This is a copy of the latest of the direct emails sent out to SPA members. If you want to be on that receiving list, send a request to: firstname.lastname@example.org
Had a wonderful hiatus to the Saline Valley Warm Springs for President's Day, enjoyed seeing many friends and reveling in warm weather, and now it is time to get back to the task at hand and unraveling the DEVA Management Plain/EIS document. Once again, the full set of elements and alternatives along with opportunity to comment can be found at: http://parkplanning.nps.gov/document.cfm?parkID=297&projectID=39438&documentID=56823 and I am including a PDF file of the alternatives as an attachment to this email.
I will cover the first three elements of the EIS in this email: Camping areas, camp fires, and length of stay. Within this discussion I will also clarify the questions raised about the 2012 Superintendent's Compendium, which is cited in several of the alternatives.
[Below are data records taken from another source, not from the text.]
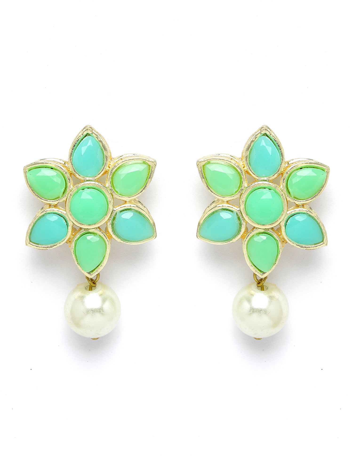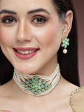 Karatcart Gold Plated Pearl Beaded Light Blue and Light Green Kundan Stone Choker Necklace Set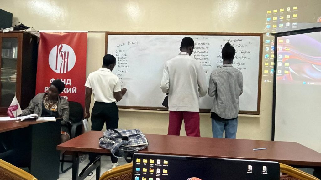 В кабинете фонда «Русский мир» проходятROSINKA UgandaMarch 2, 2026обновления новостей В кабинете фонда «Русский мир» проходят ежедневные занятия по изучению русского языка на уровне а1 и а2.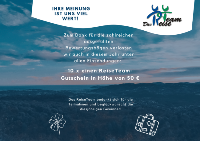 Ein besonderer Glückwunsch geht an die Gewinner unseres Reisegutscheins im Wert von 50 Euro. Unsere Glücksfee hat die Auslosung bereits vorgenommen, und die Gewinner wurden selbstverständlich schon persönlich benachrichtigt.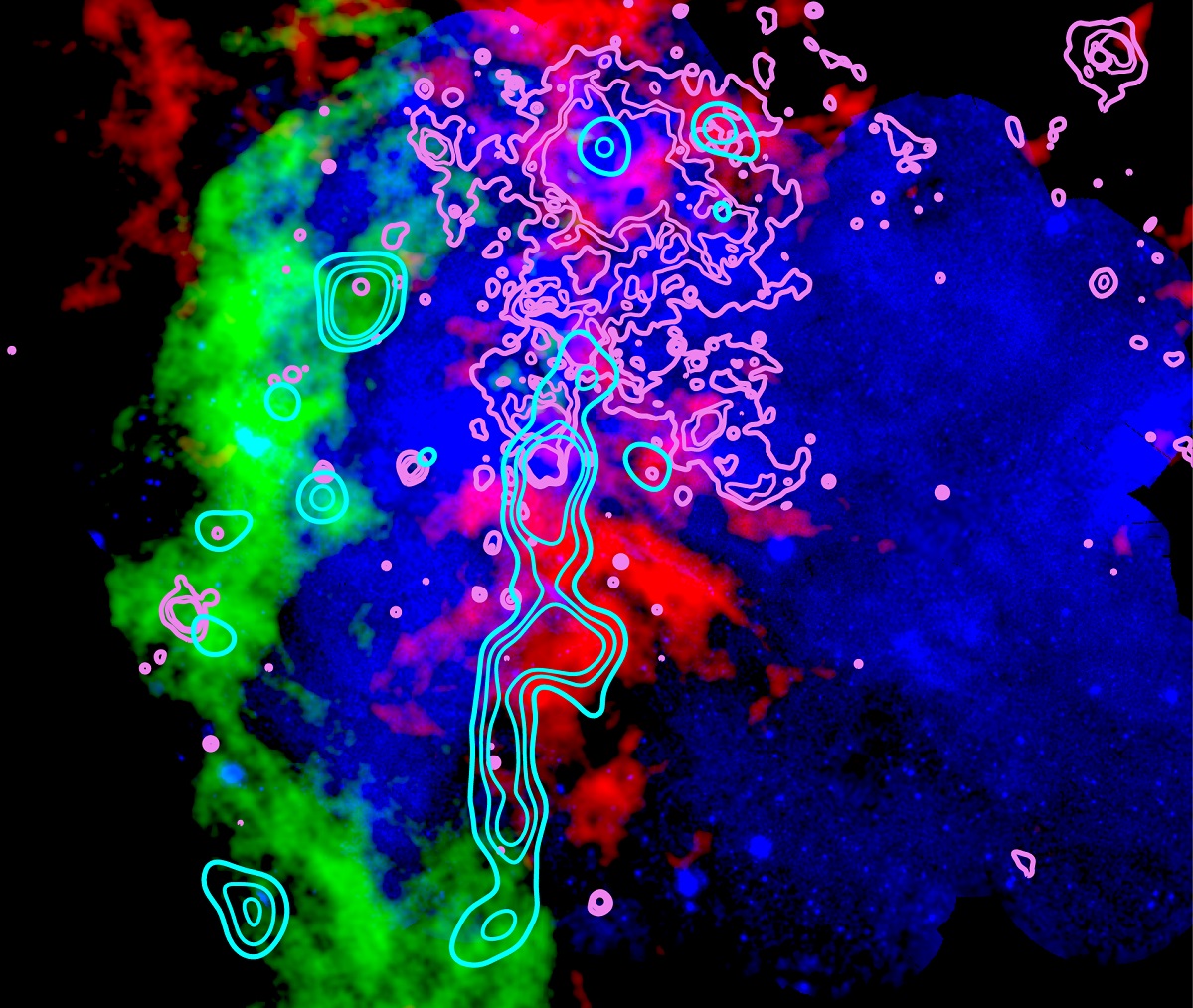 In the image, the two colliding atomic hydrogen components (cold gas) are shown in green and red, while the X-ray emission observed with XMM-Newton (hot plasma) is shown in blue. The image also shows H-alpha emission from the gas which was ionised by the massive stars, shown as magenta contours and the emission from molecular clouds (high-density regions harbouring new star-forming regions) shown as cyan contours.

I want to qualify this communication by saying that these are my personal thoughts as a 34-year member of the Saline community, and do not reflect an official SPA position. As SPA works toward crafting a position paper, your comments and feedback on these discussions are a valuable asset that allow SPA to speak for you!
Camping Areas: This looks like a good area for mixing and matching aspects of alternatives. I do not believe the NPS will give us carte blanche to camp wherever we want, though the No Action Alternative sounds reasonable. I believe we do want to:
· Maintain dispersed camping, allowed in the No Action, Minimum Action, and Community Engagement alternatives. This includes car camping remaining unrestricted in non-wilderness areas
- Wilderness camping (tents, non-motorized) in wilderness areas (No Action)
- · Continue to use designated camp areas defined by delineation of roadways (very ephemeral features) with signage at wilderness boundaries. A rough map showing the unrestricted area (Warm Springs) and Wilderness lands can be found on page three of the Alternatives Newsletter linked earlier. This seems like a very reasonable approach, and the more we find a reasonable middle-of-the-road, the less likely we will be subject to extremes at the wrong end of the alternatives, such as designated camp sites defined by signposts.
- · With respect to the "No camping within 200 feet of the water sources", the Park could not answer my question as to whether the camp host compound is within that radius, or if his compound or solar array count as "camping."
- · I have no idea what would constitute "overflow camping" (Community engagement Alternative) and I do not think it belongs in the CE-Alternative, personally.
Camp fires: I do know one of the Park's biggest concerns is the proliferation of ash. One of the best places to find common ground here is to concede to use existing fire rings, supported by user-supplied fire pans, and voluntary removal of ash from fire pits. If your fire pit is still hot when it is time to leave, clean up a neighboring fire pit. Bring in some heavy duty trash bags in addition to some of the other supplies on occasion!
Length of Stay: Both the ash removal and the current 30-day camping limit per calendar year are part of the 2012 Superintendent's Compendium. Folks have asked about what is this Compendium? The Compendium is a park-specific set of regulations, enforceable by Park Law Enforcement Rangers. It is updated at least once per year, generally. It is available on the park website at
http://www.nps.gov/deva/parkmgmt/upload/Compendium_2013_Signed.pdf This gives the Superintendent the opportunity to define such things as Length of Stay at the springs.
Several of the Board members of SPA believe the 30-day camping limit per year is arbitrary, and not conducive to establishing or promoting the traditional stewardship offered by the volunteer community that cares for and maintains the Springs. Part of the Park's rationale for specifying a 30-day limit is to allow equal opportunity for all people to enjoy the environment at the Springs. The reality is, the Springs are often close to empty (with the exception of holiday weekends) and thirty days can go by rather quickly for campers who like to frequent the springs regularly. We propose returning to the BLM convention of a 14-day camping limit, whereupon campers must move a specified distance away and remain out of the area for a subsequent 14 days.
Please remember to give us your feedback as we work toward the Position Paper many of you have asked about. We are continuing to pursue a 30-day extension on the comment period, but must proceed currently on the assumption that such a paper should be drawn up in the next few weeks for member review. If we speak with one voice, our voice will carry further!